Problem details:
Once you find the line with "18ct gold and" in the entries below, print it and each line after it up to and including the line with "포도엄마와 똑같은 리본", exactly, without pictures.

Records provided:

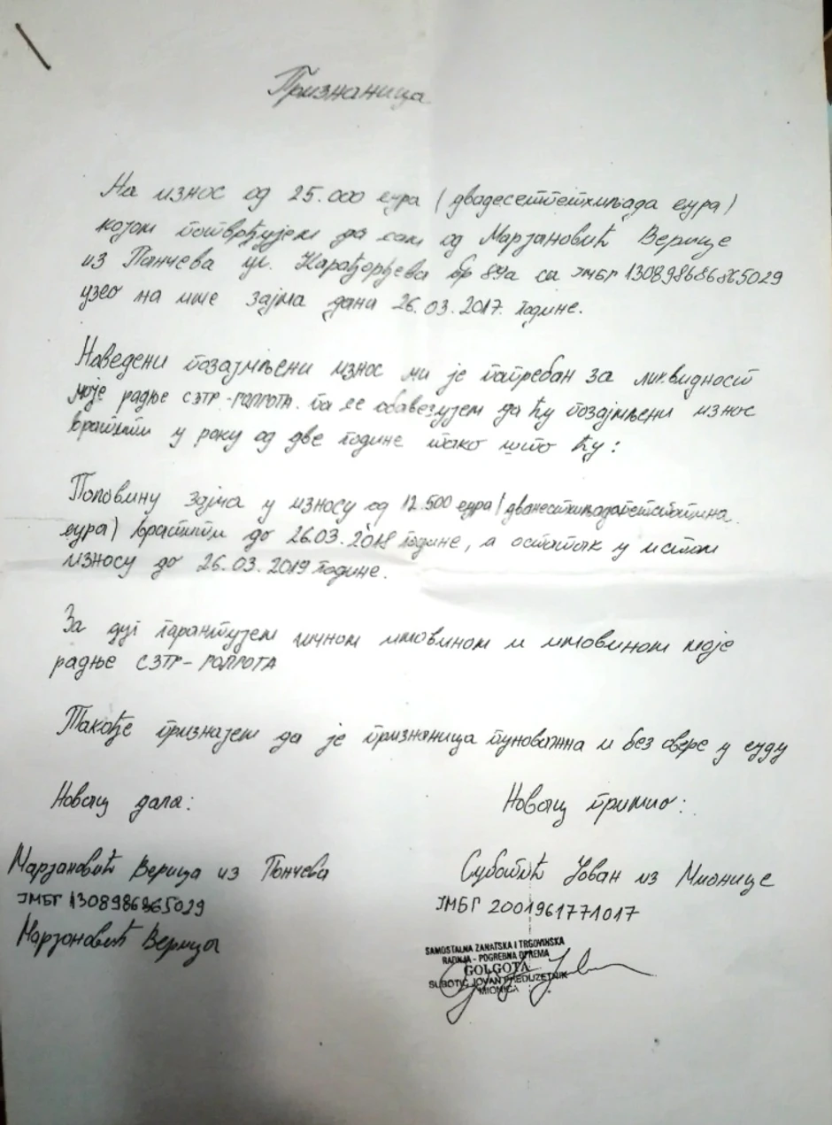 Po tužbi koju je dobio, Subotić je navodno još 26. marta 2017. godine od tužilje V.M. (32) pozajmio 25.000 evra, što se dokazuje rukom pisanom priznanicom u kojoj je navedeno da tužilja Jovanu na ruke daje tu sumu novca za likvidnost njegove SZR „Golgota“, a za dug, sa rokom vraćanja od dve godine, on garantuje svojom i imovinom radnje. Pošto, navodno, u tom roku nije platio nijednu od dve rate, niti joj se javio, V.M. u tužbi traži da joj pozajmica bude vraćena odmah, sa pripadajućom kamatom i uz plaćanje sudskih troškova.
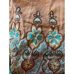 Coldwater Creek Colorful Boho Linen Blend Floral Sequin Bead Midi Skirt- Size M
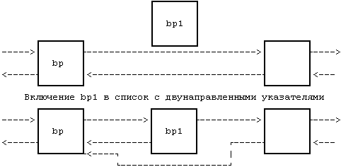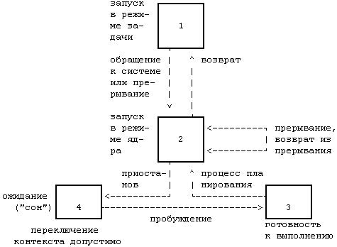 Поскольку процессор в каждый момент времени выполняет только один процесс, в состояниях 1 и 2 может находиться самое большее один процесс. Эти два состояния соответствуют двум режимам выполнения, режиму задачи и режиму ядра. 2.2.2.3 Переходы из состояния в состояние Состояния процесса, перечисленные выше, дают статическое представление о процессе, однако процессы непрерывно переходят из состояния в состояние в соответствии с определенными правилами. Диаграмма переходов представляет собой ориентированный граф, вершины которого представляют собой состояния, в которые может перейти процесс, а дуги - события, являющиеся причинами перехода процесса из одного состояния в другое. Переход между двумя состояниями разрешен, если существует дуга из первого состояния во второе. Несколько дуг может выходить из одного состояния, однако процесс переходит только по одной из них в зависимости от того, какое событие произошло в системе. На Рисунке 2.6 представлена диаграмма переходов для состояний, перечисленных выше. Как уже говорилось выше, в режиме разделения времени может выполняться одновременно несколько процессов, и все они могут одновременно работать в режиме ядра. Если им разрешить свободно выполняться в режиме ядра, то они могут испортить глобальные информационные структуры, принадлежащие ядру. Запрещая произвольное переключение контекстов и управляя возникновением событий, ядро защищает свою целостность. Ядро разрешает переключение контекста только тогда, когда процесс переходит из состояния "запуск в режиме ядра" в состояние "сна в памяти". Процессы, запущенные в режиме ядра, не могут быть выгружены другими процессами; поэтому иногда говорят, что ядро не выгружаемо, при этом процессы, находящиеся в режиме задачи, могут выгружаться системой. Ядро поддерживает целостность своих информационных структур, поскольку оно не выгружаемо, таким образом решая проблему "взаимного исключения" - обеспечения того, что критические секции программы выполняются в каждый момент времени в рамках самое большее одного процесса. В качестве примера рассмотрим программу (Рисунок 2.7) включения информационной структуры, чей адрес содержится в указателе bp1, в список с использованием указателей после структуры, чей адрес содержится в bp. Если система разрешила переключение контекста при выполнении ядром фрагмента программы, возможно возникновение следующей ситуации. Предположим, ядро выполняет программу до комментариев и затем осуществляет переключение контекста. Список с использованием сдвоенных указателей имеет противоречивый вид: структура bp1 только наполовину входит в этот список. Если процесс следует за передними указателями, он обнаружит bp1 в данном списке, но если он последует за фоновыми указателями, то вообще не найдет структуру bp1 (Рисунок 2.8). Если другие процессы будут обрабатывать указатели в списке до момента повторного запуска первого процесса, структура списка может постоянно разрушаться. Система UNIX предупреждает возникновение подобных ситуаций, запрещая переключение контекстов на время выполнения процесса в режиме ядра. Если процесс переходит в состояние "сна", делая допустимым переключение контекста, алгоритмы ядра обеспечивают защиту целостности информационных структур системы. ![]() Рисунок 2.6. Состояния процесса и пере
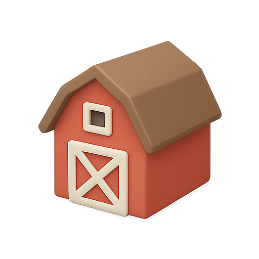 A stylized 3D model of a barn featuring a red body and brown roof, ideal for use in agricultural themes, children's media, or educational content. The design is simple and playful.
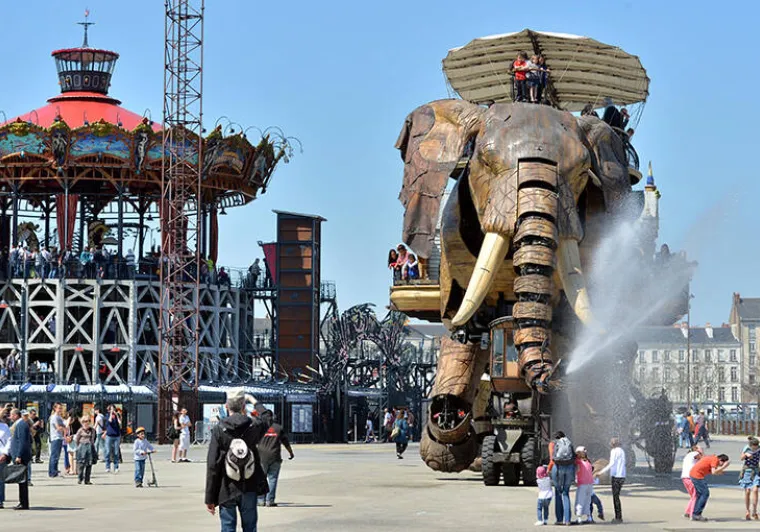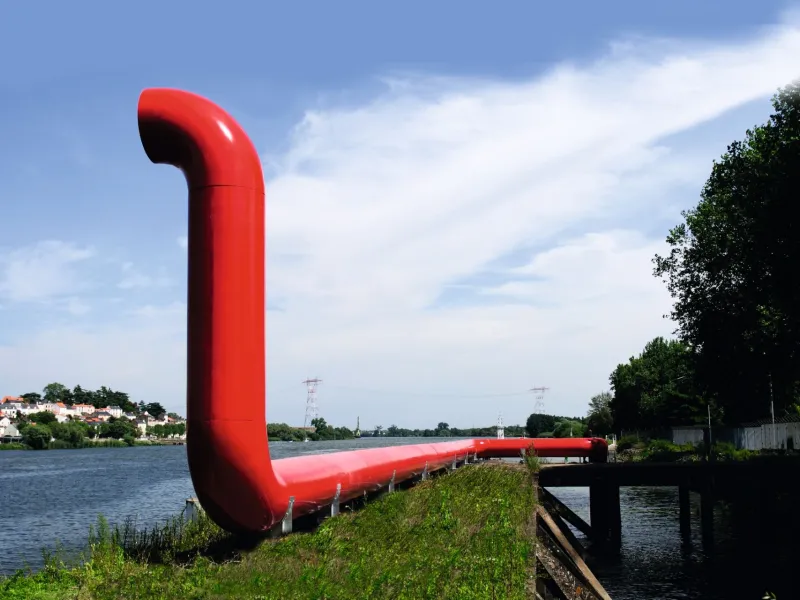Sans y prêter attention, on ne pourrait voir qu'un simple tube rouge. Mais au fur à mesure que le regard s'attarde sur l'autre rive, c'est un étrange animal "industriel" qui semble sortir du fleuve. Serpent des mers ou dragon de plus de 40 mètres de long, il surgit sur l'estacade et se dresse face à la Loire "gueule ouverte". Jimmie Durham (1940-2021) artiste d'origine Cherokee, transforme des objets communs, trouvés ou rejetés, en êtres mystérieux qui deviennent source de curiosité et d'investigations, indices de mondes imaginaires.
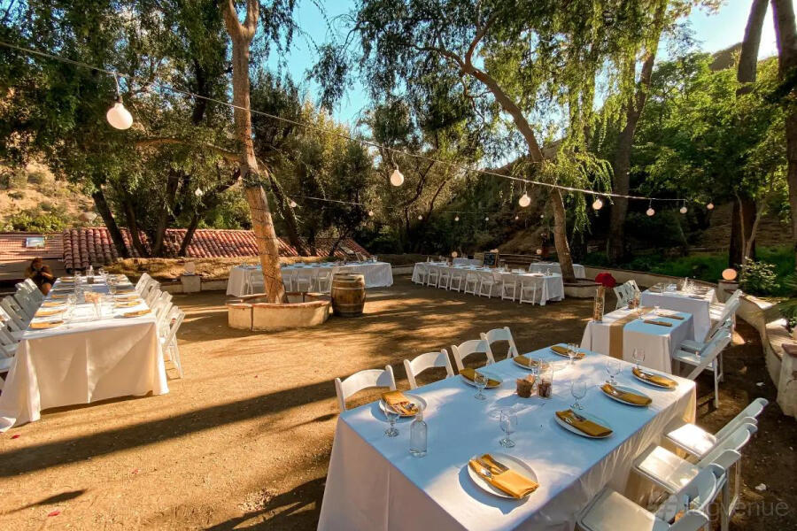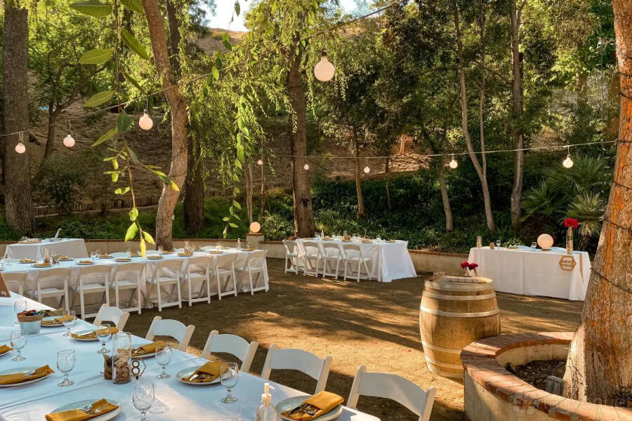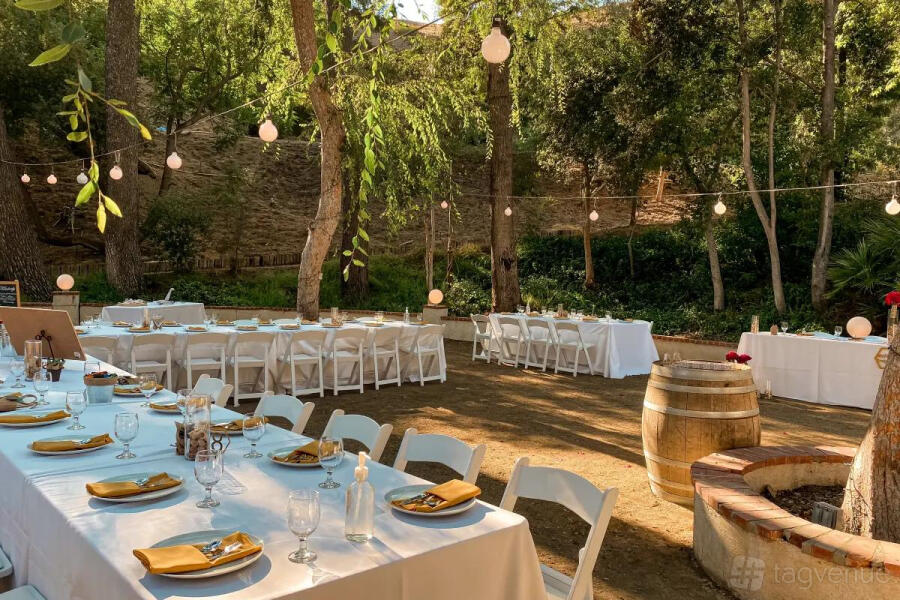 The Citrus Grove is a one-of-a-kind outdoor venue spanning over 74,000 square feet, ideal for hosting productions, events, weddings, and gatherings of up to 200 people. The space features a lush 27,000 square-foot citrus grove with a variety of exotic fruit trees, including pomelos, oroblanco, pomegranate, orange, plum, peach, lemon, and avocado trees. This expansive and vibrant orchard captures the essence of California, providing a stunning natural backdrop for any occasion.
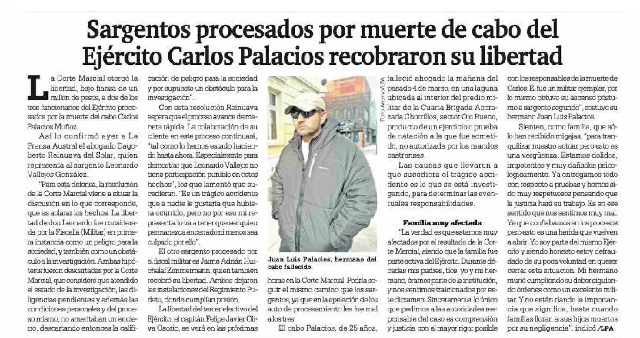 Sargentos procesados por muerte de cabo del Ejército Carlos Palacios recobraron su libertad 17-04-2026 La Prensa Austral |
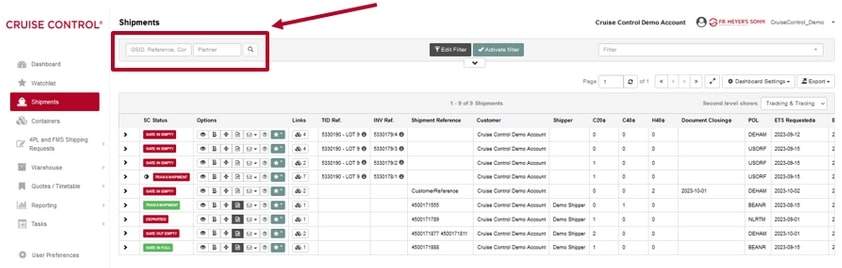 You can track you shipments in the corresponding overview page. To navigate there, use the link in your main menu. Within the overview table, you can see shipment information such as supply chain status, addresses, references, ports, departure and arrival times etc.
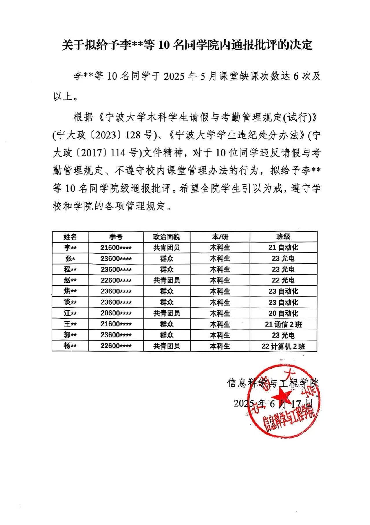 关于拟给予李**等10名同抖音黑料 内通报批评的决定
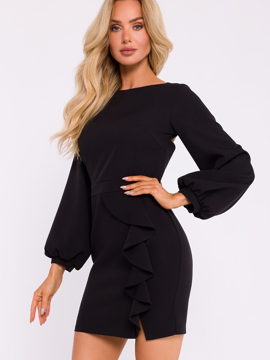 Stylowa mini sukienka uszyta z jednokolorowej tkaniny, idealna na wyjątkowe okazje. Odcinana w pasie, podkreśla talię, a doszyta na boku falbana dodaje jej subtelnej lekkości i kobiecego wdzięku. Dekolt pod szyję nadaje sukience elegancji, a wycięcie na plecach delikatnie odsłania skórę, dodając nuty zmysłowości. Sukienka zapinana jest na guzik oraz kryty zamek sięgający do połowy pleców, co zapewnia komfortowe dopasowanie. Długie bufiaste rękawy zakończone mankietami dodają jej wyjątkowego charakteru. Model bez podszewki, zaprojektowany i uszyty w Polsce.
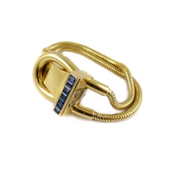 18ct gold and sapphire retro wristwatch of hook and eye design by Verger Freres probably for Cartier New York,
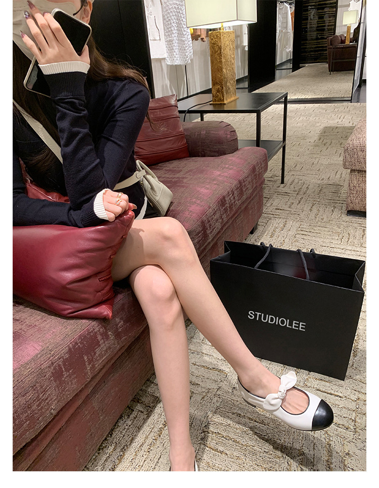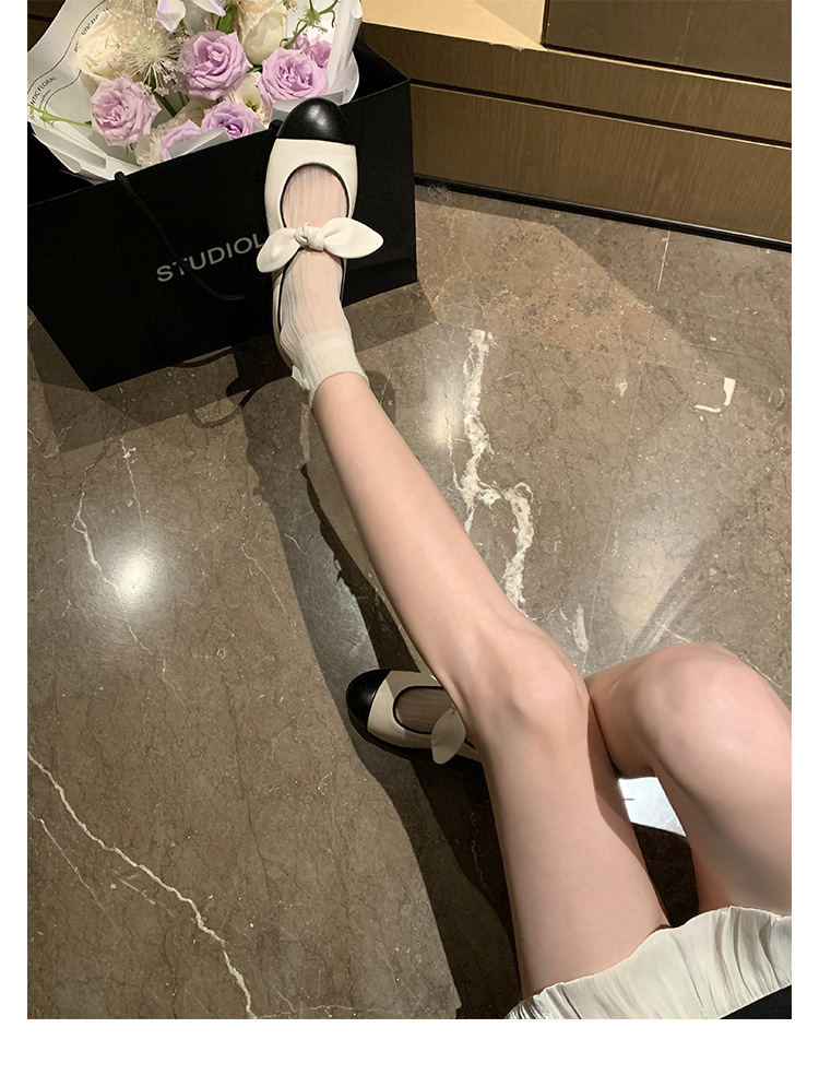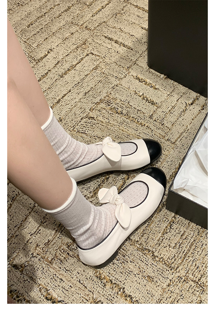 포도엄마와 똑같은 리본 스플라이스 라운드토 양가죽 스몰 프래그런스 스타일 여성용 봄용 다용도 발레 펌프스 메리제인 슈즈스토어 가기
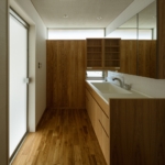 建物内部は、生活動線が切れないような回遊性があるように、家族が集まる居間や食堂は、いろんな場所から出来るだけ庭が眺められること、そして少しでも町並みに寄与出来るような緑のある場所を作ることができたらという思いから設計を始めました。
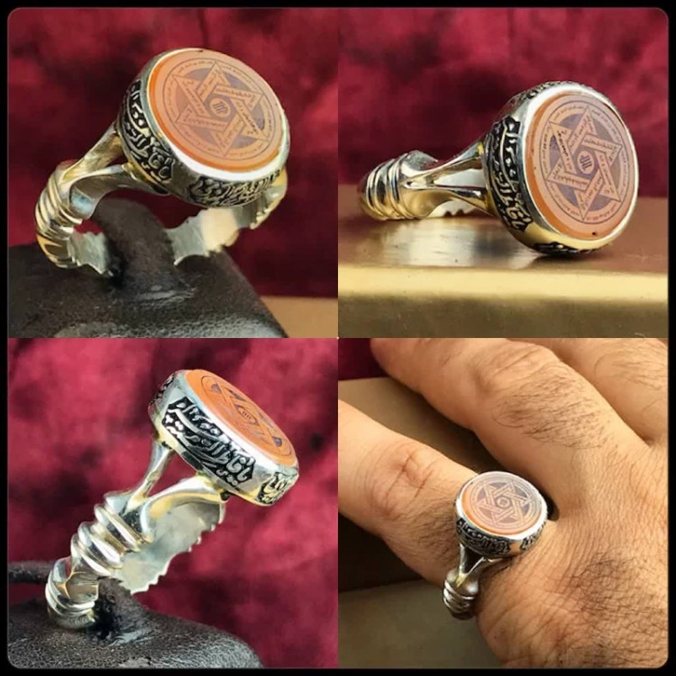 انگشتر عقیق یمن اصلی حکاکی دعای ستاره سلیمان رکاب صفوی دست ساز عیار نقره 925ارسال رایگان

Worked solution:
 18ct gold and sapphire retro wristwatch of hook and eye design by Verger Freres probably for Cartier New York,
 포도엄마와 똑같은 리본 스플라이스 라운드토 양가죽 스몰 프래그런스 스타일 여성용 봄용 다용도 발레 펌프스 메리제인 슈즈스토어 가기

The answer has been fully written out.